Никсон резко остановился, чтобы перевести дух, очень довольный собой. Потом он снова заговорил, усмехаясь:
— Как вам моя версия, мисс Гусова? Похожа на правду, не так ли? По крайней мере, больше похожа, чем ваша.
Маккарти не дал Марине времени ответить:
— С кем вы связаны в советском консульстве в Нью-Йорке, мисс? По приезде вы виделись с Леонидом Квасниковым и Александром Феклисовым?
— А как вы объясните, что поселились прямо под квартирой мистера Мортона Собелла?
— Кого из ваших знакомых в Голливуде вы еще уговорили работать на Советский Союз, кроме миссис Лилиан Хеллман и миссис Дороти Паркер?
— Вы знаете, что вас ждет, мисс? Тюрьма — не самое серьезное наказание для таких, как вы. В нашей стране шпионов приговаривают к смертной казни… Если только вы не начнете лояльно сотрудничать с Комиссией.
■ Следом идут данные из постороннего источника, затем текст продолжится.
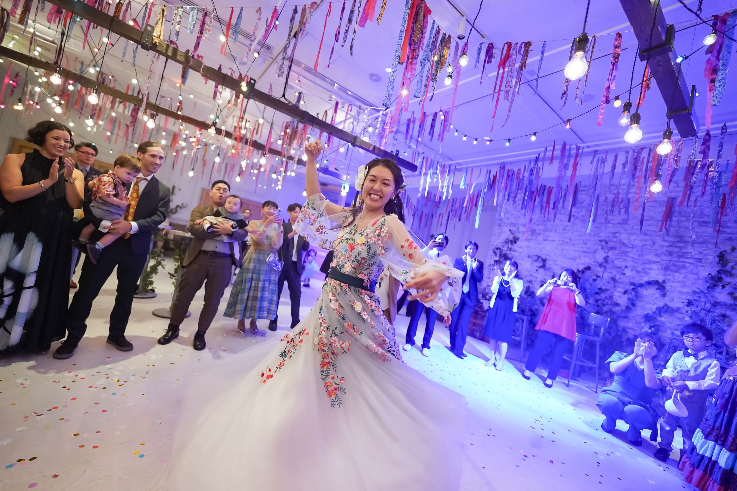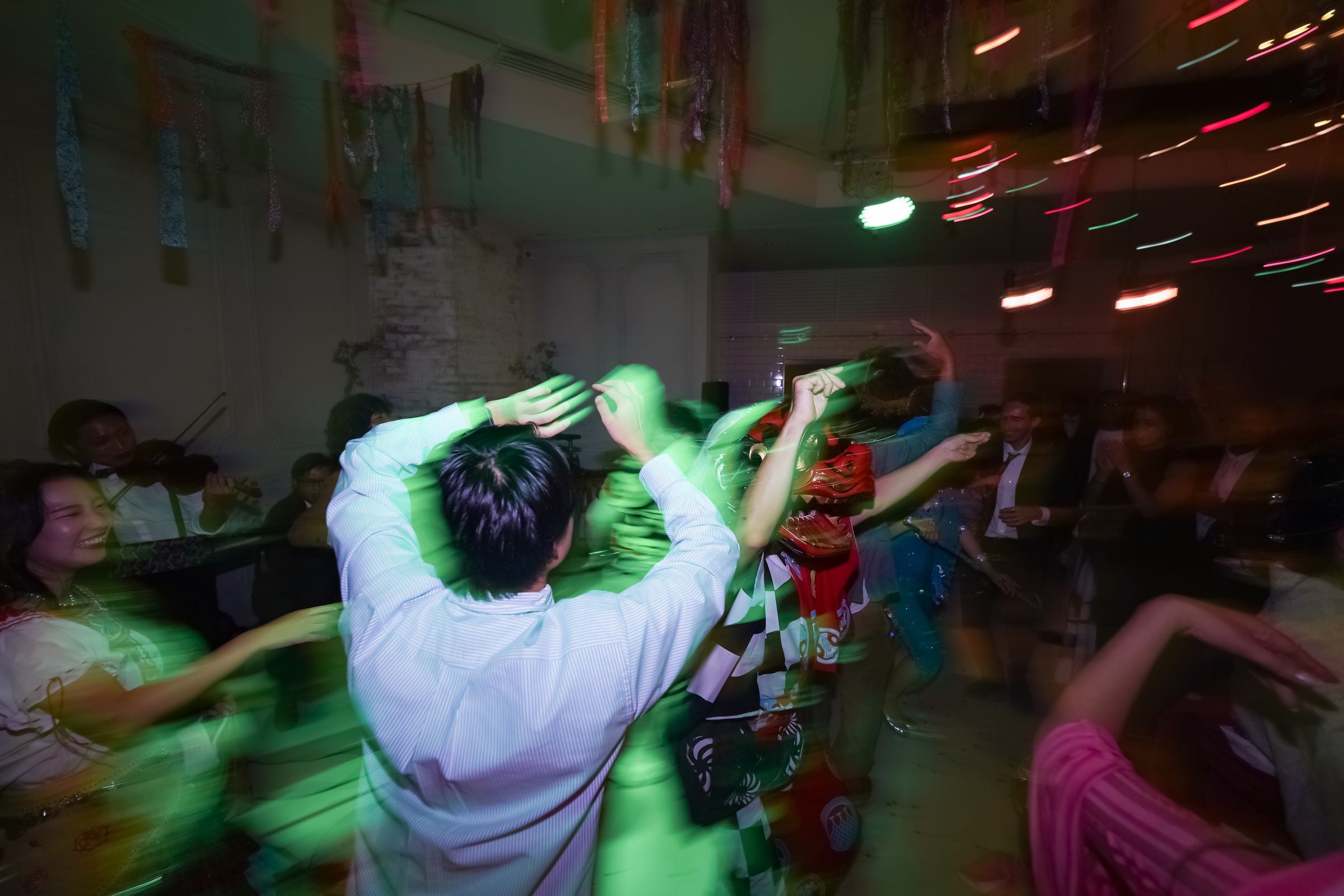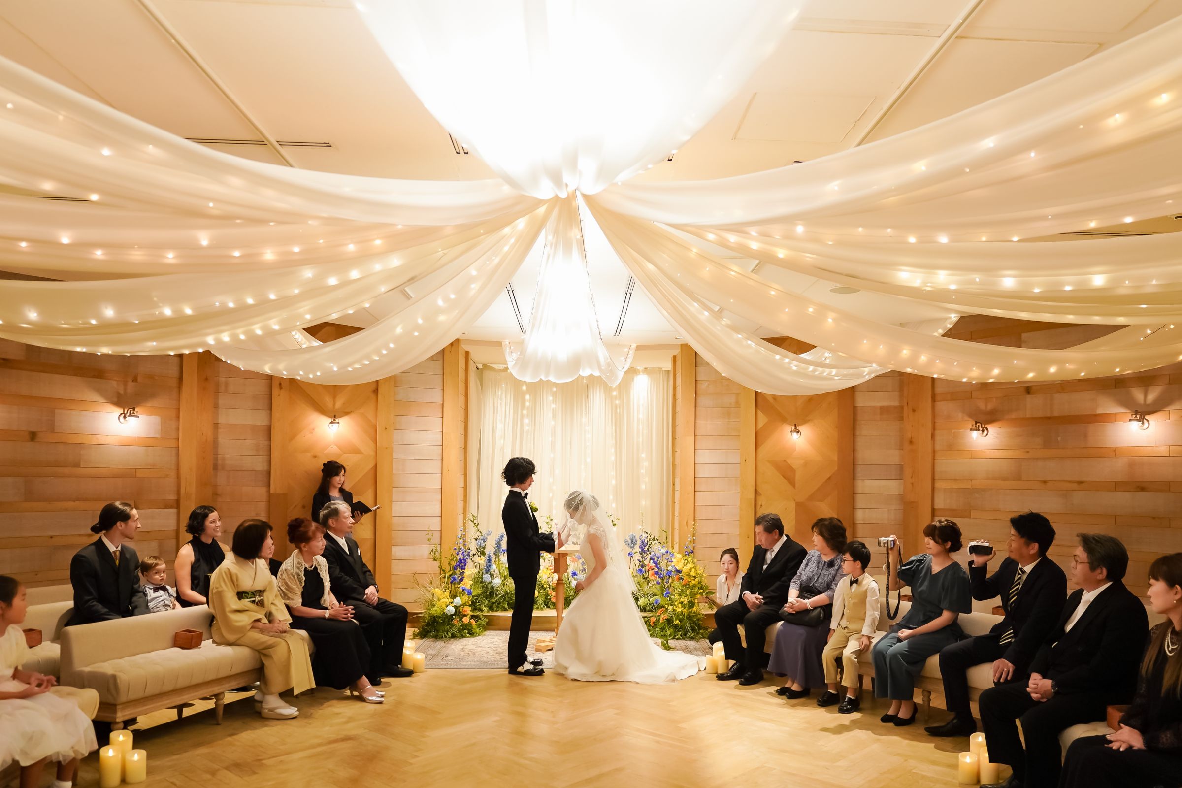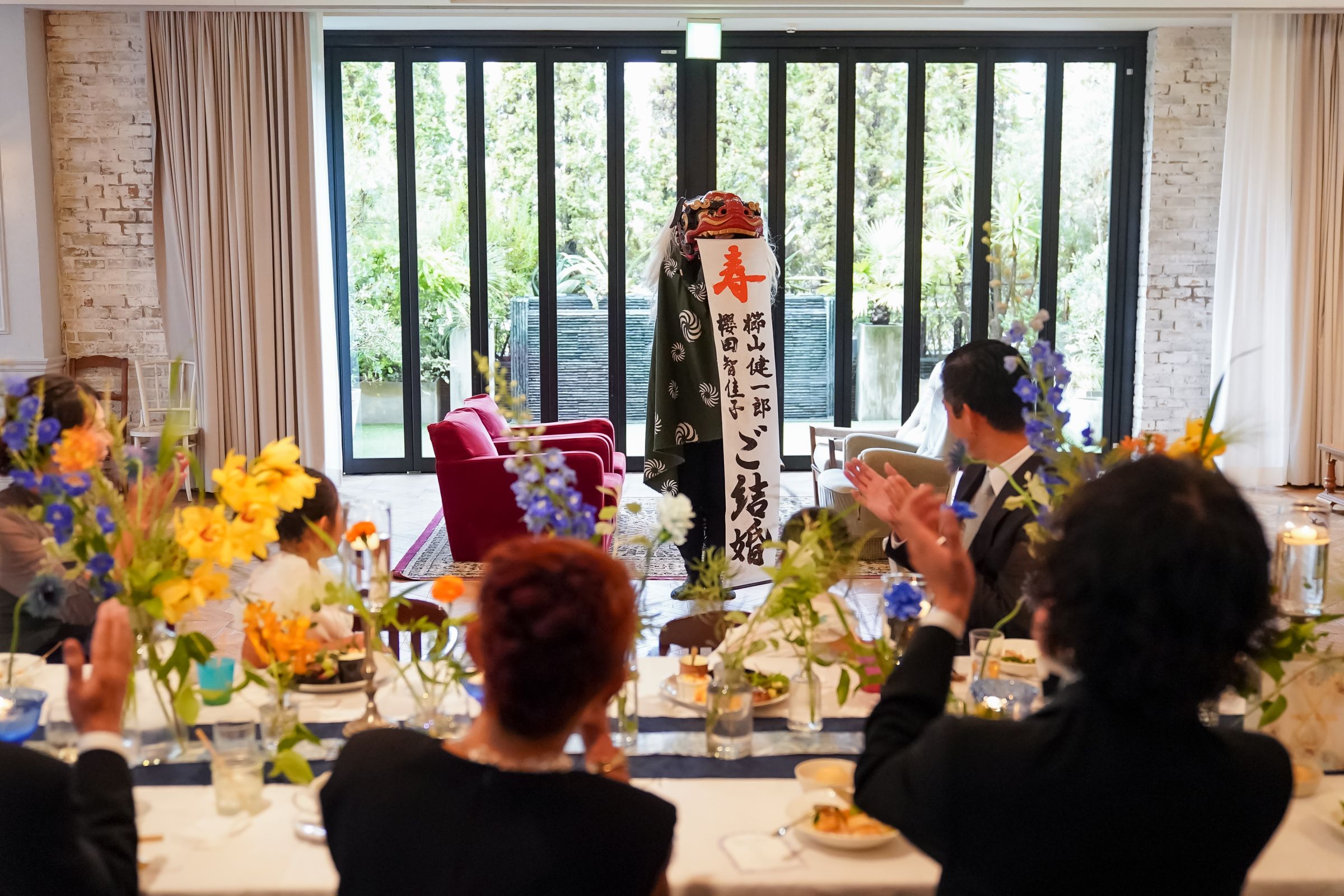 のびのび踊れるようにフロアを広く使った 立食パーティのスタイルに

Когда они оба наконец замолчали, словно сумасшедшие, которым вдруг наскучило бить в барабаны, Марина была белее полотна. Ее погасший было взгляд теперь излучал только ненависть. Никто не мог бы предсказать такой реакции. Она вскочила, прежде чем охрана смогла ее удержать. На столе перед ней, кроме нескольких листков бумаги и карандашей, находился только недопитый графин с водой. Его-то она и выбрала и, ухватив за горлышко, метнула в голову Никсона. Тот инстинктивно отпрянул в сторону, как раз вовремя. Графин, отскочив от его плеча, ударился о стену и разбился. Полицейские набросились на Марину, которая продолжала сопротивляться, выкрикивая оскорбления в их адрес сначала по-английски, а потом и по-русски. По-русски она заговорила на людях впервые. Полицейские прижали ее к столу, так что она почти задохнулась. Я слышал, как с треском лопнула бретелька на ее платье. Когда ей надевали наручники, она застонала от боли. И тут же смолкла. Когда ее поставили на ноги, то пряди от развалившейся прически падали ей на лицо. Никсон и Маккарти тоже стояли. Кон оказался рядом с ними. Никсон морщился, потирая плечо. Он был бледен как полотно, к тому же плохо выбрит и напоминал какого-то злоумышленника из фильма Джона Хьюстона.
Вуд приказал охране увести Марину. Тут я осознал, что сам вскочил на ноги и что Ширли с коллегой тоже стоят около своих столиков. Только Мундт сидел не шевелясь, словно в ступоре. На лица Маккарти и Никсона вернулась усмешка. Последний, казалось, был так горд собой, будто только что едва не попал под автоматную очередь банды Багси Сигела.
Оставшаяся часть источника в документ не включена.